Por tudo isso, para o escriba essa fase é nostálgica, muito em particular porque depois dela se instalou um momento de “adormecimento, se calhar, resultante do tipo de economia que o país adoptou: muitas editoras desapareceram. Implantou-se uma conjuntura em que, de certa forma, os artistas não estavam a conseguir inovar”.

De uma ou de outra forma, “nesta última fase começámos a viver uma etapa de alegria marcada pelo surgimento das novas tendências musicais. Ou seja, não podemos ignorar o movimento que se gerou em volta do Pandza e do Rap”.

“Levam o dinheiro e não ombreiam connosco”

Solicitámos a opinião de Adamugy em relação ao facto de, actualmente, em Maputo, investir-se mais em concertos com a participação de artistas internacionais – com uma estada muito efémera no país – ao mesmo tempo que se drena muito dinheiro, sobretudo por parte de algumas empresas públicas.
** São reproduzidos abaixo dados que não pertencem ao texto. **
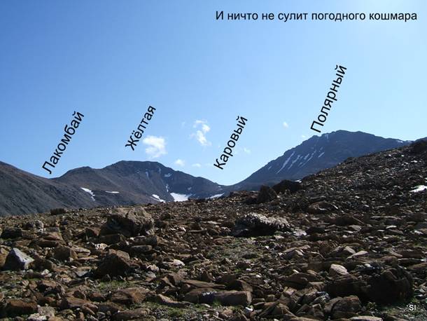 В 11.20 дошли до озера с отметкой 701,0. С СЗ появились кучево-дождевые облака, поднялся ветер. Надели штормовки и шапки. Оценили расклад времени. Поняли, что предполагаемый траверс Лакомбай-Жёлтая-Каровый-Полярный возможен либо в условиях полярного дня, либо при стоянке у озера 701,0.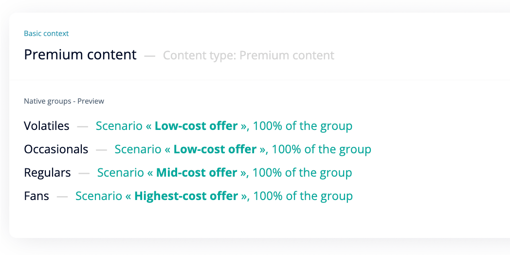 Segmentation is based on the content type with the dynamic element being the paywall value proposition.

Entretanto, ainda que apologista da vinda de artistas estrangeiros ao país, Adamugy revela-se crítico em relação à forma como eles trabalham aqui.

“O problema é que, muitas vezes, se investe muito dinheiro para um músico que, estando em Moçambique, realiza um espectáculo – às vezes em playback –, não interage com os artistas locais, e depois enchem-lhe a mala de dinheiro e regressa ao seu país, sem ter interagido com os cantores nacionais”.

Em contrapartida “ao artista local paga-se um cachê mísero, o qual, muitas vezes, para tê-lo passa por inúmeras dificuldades. Deve haver um equilíbrio, nesse proceder, para que haja o fortalecimento dos artistas moçambicanos”.

O Jornalismo é uma forma de vida

Com um bom par de anos de carreira, Adamugy considera que está satisfeito com o percurso que fez. Entretanto, sob o ponto de vista material, o Jornalismo não é uma área profissional de realização.

“Costumo dizer que se as pessoas quiserem ganhar dinheiro que façam outras actividades, porque o Jornalismo não é uma profissão. É uma forma de estar na vida, em que a relação esforço-benefício é muito desigual. Ou seja, entre o que temos de fazer e aquilo que, desse esforço, retorna há uma desigualdade violenta”.